Именно соседка управляла всей похоронной процессией. Старый военный все-таки успел сберечь некоторые средства, дабы никого не обременять, благодаря чему все было сделано быстро и качественно.
Все время, до дня официальных похорон Саша прожил у нее. Единственный раз, когда он что-то сказал, был в день прощания:
– Хрум... хрум... – повторял он, держа руку дедушки. Красивый костюм, гроб украшенный бархатом и всхлипывающий Саша, повторяющий одну и ту же фразу.

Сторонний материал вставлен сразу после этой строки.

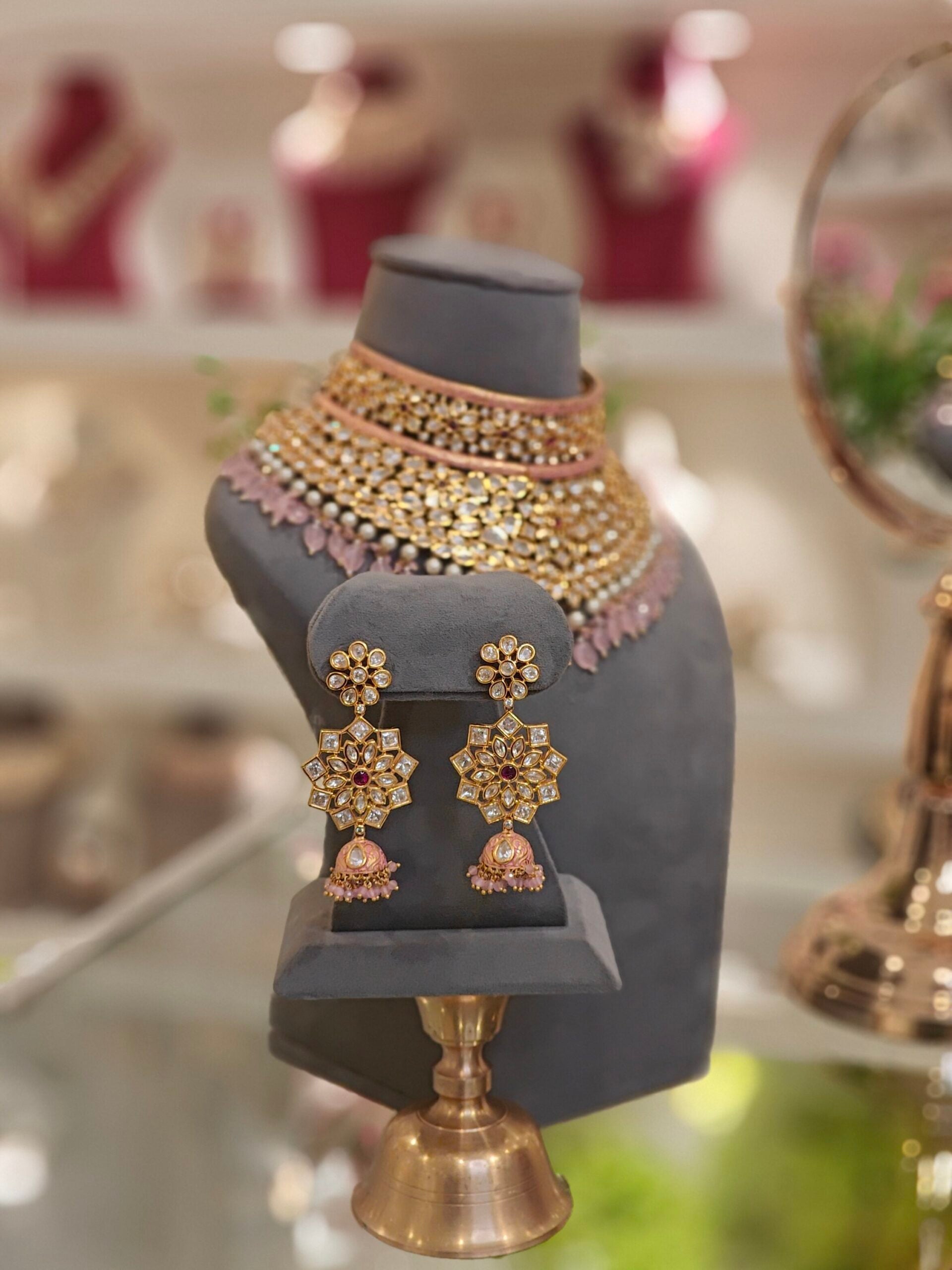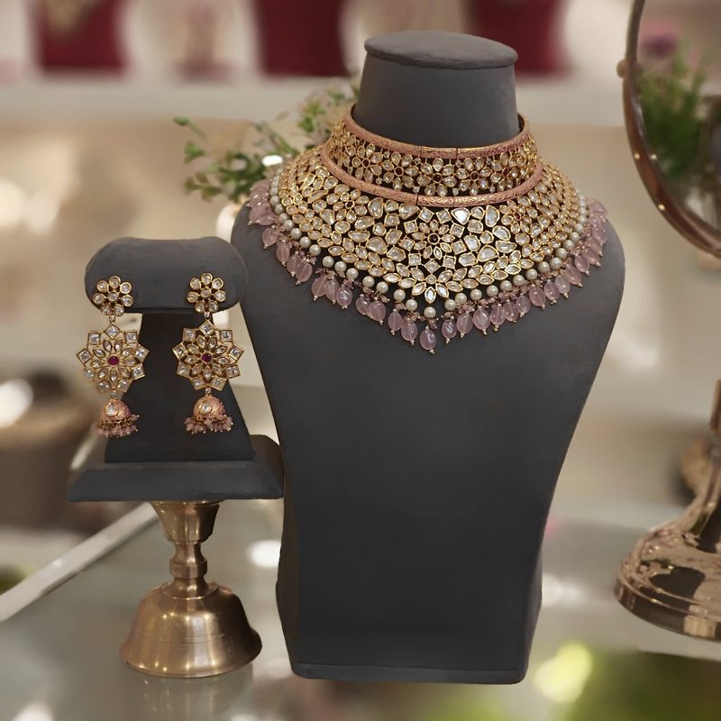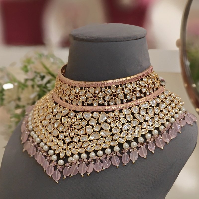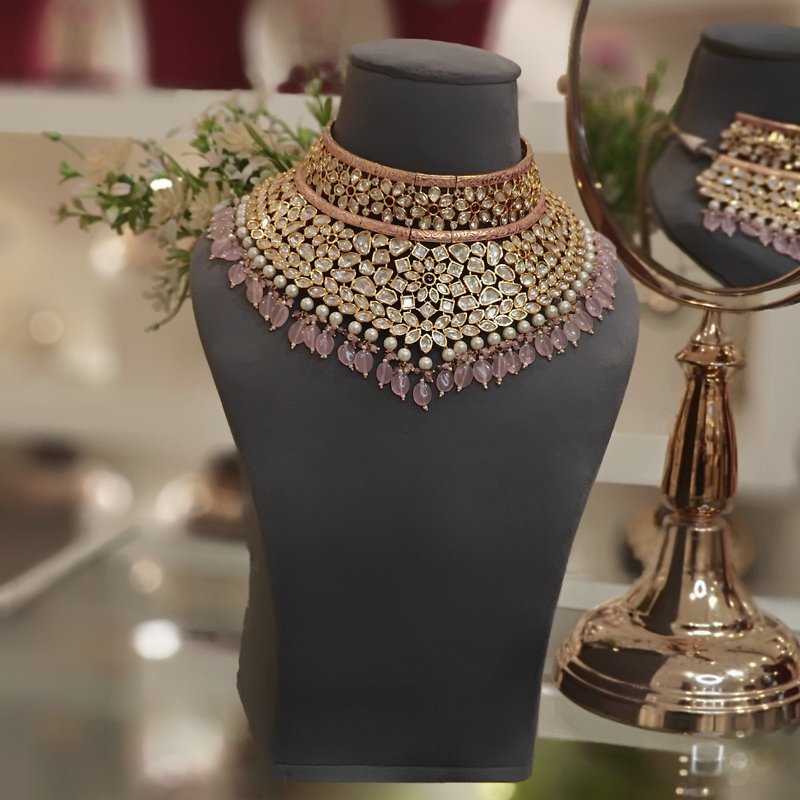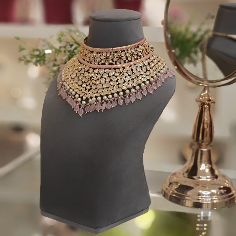 The Zia choker set is meticulously crafted using the finest uncut artificial polki and gorgeous Pink enamel facades, which is then plated with a luxurious 14kt gold hue to add more charm to it. To create this ornate piece of beauty even more special, the necklace is integrated with baby pink monalisa that are arranged in a beaded fashion. This necklace can be customized in any colour of your choice .

Мальчик не понимал, почему в квартире столько людей, почему они все плачут, а дедушка лежит и не двигается. Ему казалось, что дедушка обиделся, или просто устал. Как бы не объясняла пожилая соседка, он никак не мог взять в толк, что такое смерть и для чего нужны похороны. Но даже там, в необычном мозгу, мелькала мысль, что это – последний день дедушки. Больше не будет пикников, жареного хлеба и непонятных шуток смешным голосом. Никто одобряюще не улыбнется и не скажет ему «мой мальчик».
Смутные воспоминания, словно поднимающиеся из воды пузыри воздуха, лопались в голове мальчика. Воспоминания о смерти отца. Они будто накладывались друг на друга и пытались сообщить, что он больше никогда не увидит ни отца, ни деда.
– Крепись, юноша, – пытались то и дело ободрить Сашу какие-то люди. Они трогали его за плечо, гладили по голове и повторяли какие-то слова, будто это должно было помочь.
– На вот, выпей, – протянула соседка стакан с мутной жидкостью.
Саша выпил, не поднимая головы и не говоря ни слова. Спустя полчаса начало клонить в сон, и он лег в своей комнате. Успокоительное помогало, и внутренний мир мальчика постепенно приходил в равновесие так же, как успокаивается море и появляется штиль после сильного шторма. Гнетущее, молчаливое и безветренное равновесие...
– Даже не знаю, что страшнее, – сказал бы дедушка, увидев, как Саша повторяет его слова, лежа на залитой слезами подушке. – То, что он ничего не понимает и плачет лишь от того, что плачут все. Или то, что он все понимает и знает, что больше у него никого не осталось...
– Хрум...Хрум...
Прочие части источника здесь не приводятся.